Charity endureth all things
Do livro "Evening Meditations for all days of the year from texts of Saint Alphonsus of Liguori"... HE THAT LOVES JESUS CHRIST WITH A STRONG LOVE DOE...
HE THAT LOVES JESUS CHRIST WITH A STRONG LOVE DOES NOT CEASE TO LOVE HIM IN THE MIDST OF TEMPTATIONS AND DESOLATIONS
I. St. Francis de Sales says: "It is a mistake to estimate devotion by the consolations which we feel. True devotion in the way of God consists in having a determined will to execute all that is pleasing to God." Almighty God is wont to make use of aridities in order to draw closer to Him His most cherished souls. Attachment to our own inordinate inclinations is the greatest obstacle to true union with God. When, therefore, God intends to draw a soul to His perfect love, He endeavours to detach her from all affection to created goods. Thus His first care is to deprive her of temporal goods, of worldly pleasures, of property, honours, friends, relations, and bodily health; by the like means, that is, of losses, troubles, neglect, bereavements, and infirmities, He extirpates by degrees all earthly attachment, in order that the affections may be set on Him alone.

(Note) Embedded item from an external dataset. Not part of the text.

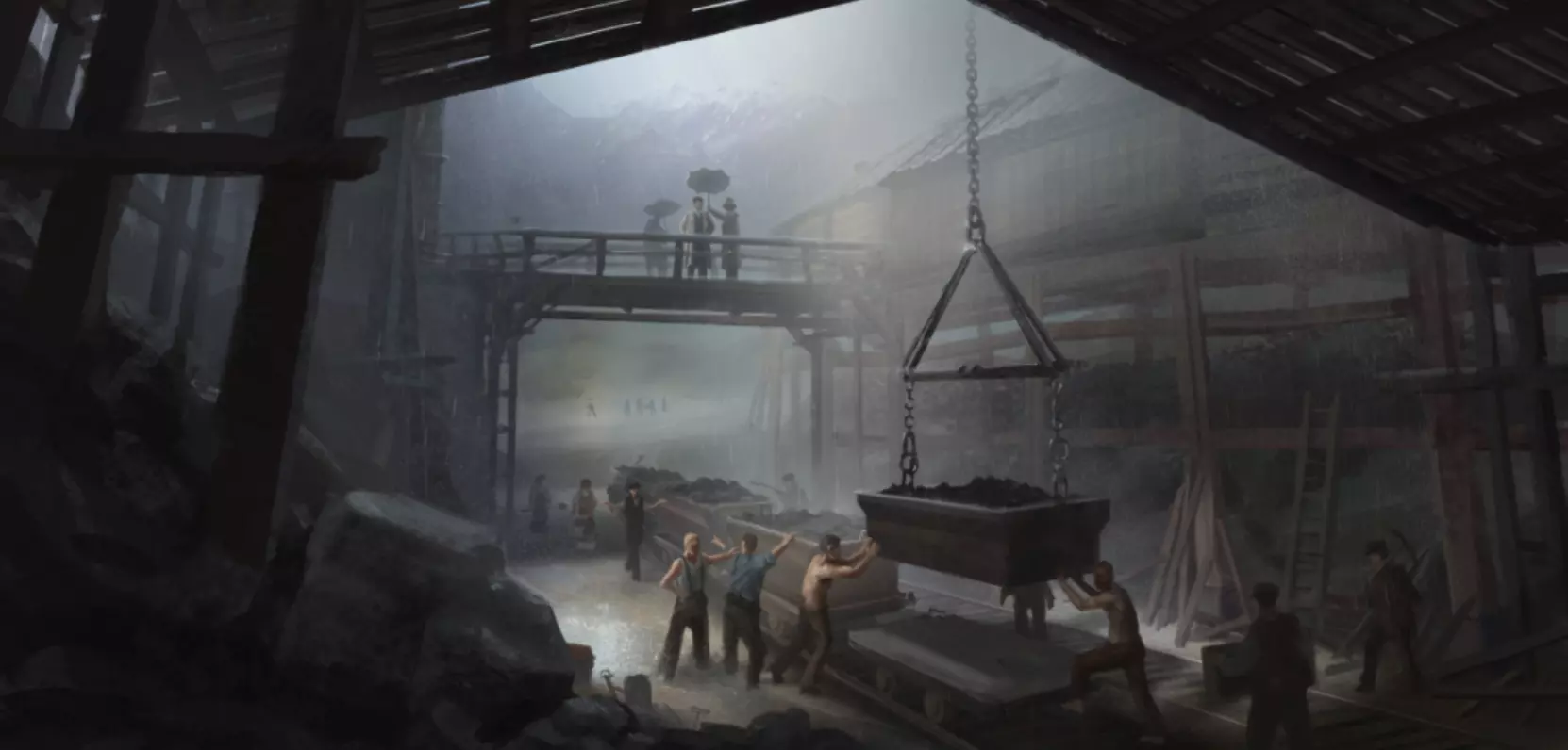 矿工们的生活可不像那个撑伞的人那样舒适。

II. With a view to produce a longing for spiritual things God regales the soul at first with great consolations, with an abundance of tears and tenderness. She is thus easily weaned from the gratifications of sense, and seeks further to mortify herself with works of penance, fasts, cilices, and disciplines. At this stage the director must keep a check on her, and not allow her to practise mortifications—at least not all those for which she asks permission —because, under the spur of this sensible devotion, a soul might easily ruin her health by indiscretion. It is a subtle artifice of the devil, when he beholds a person giving himself up to God, and receiving the consolations and caresses which God generally gives to beginners, to do his utmost to plunge him into the performance of such immoderate penances as utterly to destroy his health; so that afterwards, because of bodily weakness, he not only gives up the mortifications, but prayer, Communion, and all exercises of devotion, and eventually sinks back into his old way of living. On this account, the director should be very sparing in allowing mortifications to those who are only just entering upon the spiritual life, and who desire to practise bodily mortifications. Let him exhort them to practise rather interior mortification by bearing patiently with affronts and contradictions, by obedience to superiors, by bridling the curiosity to see, to hear, and the like; and let him tell them that, when they have acquired the good habit of practising these interior mortifications, they will then be sufficiently perfect to proceed to the external. It would be, of course, a serious error to say, as some say, that external mortifications are of little or no use. Without doubt, interior mortification is most requisite for perfection; but it does not follow from this that external mortifications are unnecessary. St. Vincent de Paul declared that the person who did not practise external mortifications would be mortified neither interiorly nor exteriorly. And St. John of the Cross declared that the director who despised external mortifications was unworthy of confidence, even though he should work miracles.